Jazz composer and bandleader Marty Ehrlich hasn’t lived in St. Louis since he left University City High School for college in 1972, but his hometown will deeply color his performance here 7:30 p.m. Friday, October 4 at the Kranzberg Arts Center, 501 N. Grand, as part of the New Music Circle’s 2013 series.
Ehrlich will lead the Rites Quartet, which features Michael Formanek on bass, Michael Sarin on drums, James Zollar on trumpet and himself on saxophone and clarinet. He owes the quartet’s name to a strong St. Louis connection, the brilliant late composer and bandleader Julius Hemphill, co-founder of the Black Artists’ Group (BAG) in St. Louis.

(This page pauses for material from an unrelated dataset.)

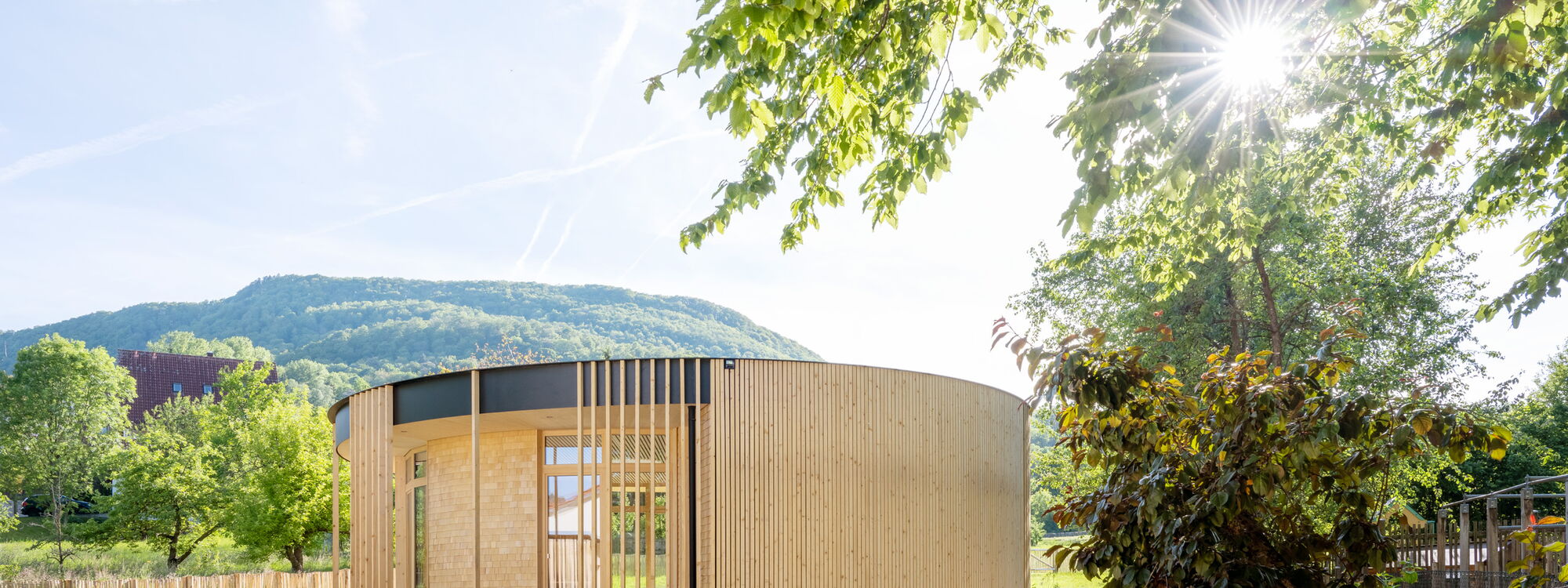 Auf der schwäbischen Alb ist in nur vier Monaten Bauzeit die Natur-KiTa Hepsisau entstanden. Es handelt sich um ein Einraumkonzept für eine Gruppe mit 20 Kindern zwischen 3 und 6 Jahren. Träger der Einrichtung, welche in Holzbauweise erstellt wurde, ist die Stadt Weilheim an der Teck. Aufgrund seiner runden Form erinnert die Natur-KiTa an ein Schneckenhaus. Der runde Gruppenraum wurde nicht mittig platziert, sodass die umlaufende Veranda unterschiedlich tief ist.

“I got the name ‘Rites Quartet’ from a composition by Julius Hemphill, ‘Rites,’ which refers back to his record Dogon, A.D.,” Ehrlich said.
“Along with working with Julius for many years while he was alive, after his passing I have done all I could to keep his music in the public eye, including trying to record a lot of the music he wrote that didn’t get recorded in his lifetime.”
After an initial performance with the Rites Quartet featuring previously unrecorded music by Hemphill, Ehrlich “liked it so much I kept it going,” he said. “I like the connection to ‘rites,’ in the religious sense, but when you hear it said, it also could be ‘rights,’ as in human rights. It’s an evocative word.”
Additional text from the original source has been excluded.